- Cover of Identity Disc #1

Publication information
- Publisher: Marvel Comics
- Schedule: Monthly
- Format: Limited series
- Genre: Superhero;
- Publication date: August - December 2004
- No. of issues: 5
- Main character(s): Deadpool Bullseye Juggernaut Sandman Vulture Sabretooth

Creative team
- Written by: Robert Rodi
- Penciller: John Higgins
- Inker: Sandu Florea
- Letterer: David Sharpe
- Colorist: Estudio Fenix
- Editor: Warren Simons

Collected editions
- Identity Disc: ISBN 0-7851-1567-6

= Identity Disc =

American comic book series

Identity Disc is a 2004 five-part comic book limited series published by Marvel Comics. The story was written by Robert Rodi and penciled by John Higgins.

In the story, six Marvel villains "team up" to steal the Identity Disc, which supposedly contains data on every Marvel hero, including their relatives and credit reports.

==Plot==
The story opens with a younger Adrian Toomes, pre-Vulture, being captured by police as his wife takes his daughter from him. Years later, Deadpool, Bullseye, Juggernaut, Sandman, Vulture, and Sabretooth are recruited by an agent working for underworld figure Tristram Silver, who knows each of their dark secrets. The agent demonstrates that she can take any one of them down by killing Sandman. She wants them to hunt down the Identity Disc, which contains every piece of information on Marvel's Earthbound superheroes.

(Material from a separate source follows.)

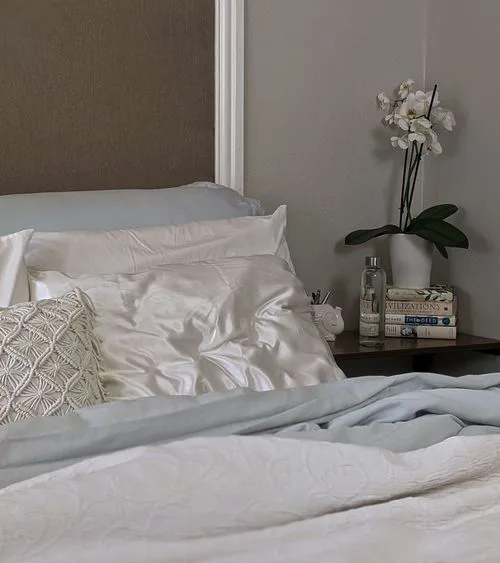 Připadá vám ráno váš obličej trochu „pomačkaný“? Možná známe viníka – polštář. Části obličeje zabořené do polštáře jsou vystaveny většímu riziku vzniku vrásek. Řešením je saténové ložní prádlo. Tato látka je jemnější a na obličej se „neobtiskne“.

The remaining villains break into A.I.M headquarters to steal the disc. Deadpool separates from the rest of the group to draw off the assaulting A.I.M. agents. Sabretooth descends down an elevator shaft, only to be accidentally crushed by a plummeting Juggernaut. The Juggernaut locates the identity disc, but is gassed by an unseen assailant and rendered unconscious. The A.I.M. lair collapses and the Vulture is taken into custody by S.H.I.E.L.D.

Nick Fury informs Toomes that Sabretooth was responsible for the set-up. It is revealed that Silver's agent is Valeria Toomes, an agent of S.H.I.E.L.D. and Vulture's daughter. Toomes scoffs at the notion that he would not recognize his own daughter and privately concedes to orchestrating the plan to protect her identity. Valeria then leads Toomes to be taken away in a S.H.I.E.L.D. chopper.

Meanwhile, Sandman is revealed to be alive and enjoying a tropical vacation, having faked his death at the behest of his employer, the real Tristram Silver.

==Collected editions==
Identity Disc was published collectively as a 120-page trade paperback, ISBN 0-7851-1567-6.